Friday, September 23, 2011

violent delights have violent ends


“Are you coming back – now?”


I have heard the refrain several times before from friends and relatives.  Usually following revelations of new drug gang atrocities -- or another of my crocodile stories.


So, I am waiting for the email and telephone calls.  Today’s headline was: “Another 11 bodies found in Mexico port.”


The port is Veracruz, on the Gulf of Mexico.  Two days before, 35 bodies were dumped there.


And the details surrounding the corpses are terrible.  There is no silk purse hiding in this sow’s ear.


Bound.  Tortured.  Seminude.  From everything I have heard, no decapitations were involved.  Apparently, for the executioners, the quality of mercy is not strained.


The scenario should sound familiar to those of you who know your history from the American Roaring 20s.  This is the type of mayhem one gang would commit against another gang over territory rights to the manufacture and distribution of alcohol.


And that is what is happening in Mexico.  President Calderon’s war on drugs is a lost cause.  But it has done one thing.  It has turned drug lords against one another.

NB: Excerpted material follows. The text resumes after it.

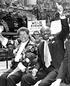 Mayor Brown hails his fans at Gay Freedom Parade in late 1990s.
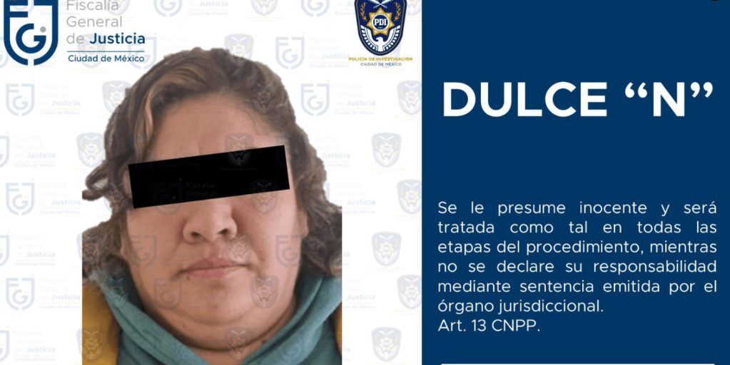 Agentes de la Fiscalía General de Justicia de la Ciudad de México (FGJCDMX) detuvieron a Dulce ‘N’ por su presunta participación en el delito de violación equiparada en agravio de dos hombres. Según las investigaciones, los abusos habrían ocurrido al menos cuatro veces entre enero y abril de 2024 en un inmueble de la colonia Villa Quietud, en la alcaldía Coyoacán.

The word is that the recently-departed in Veracruz were members of The Zetas, a gang made up of former Mexican Army special forces.  They have been accused of targeting and killing non-political civilians.


Hiding behind the guise of the morally-enraged patriot, a leader of a rival drug gang, who was already in a turf battle with The Zetas, is reportedly behind the killings.  It was a twofer. For civic pride and more criminal control.


So, am I going home because two local gangs are doing their best to re-enact Romeo and Juliet -- without the lovers and the snappy prose?  Nope.


But I do wish someone would realize that it is next to insane to continue trying to enforce a prohibition policy.  It didn’t work in the 20s; and it is not working now.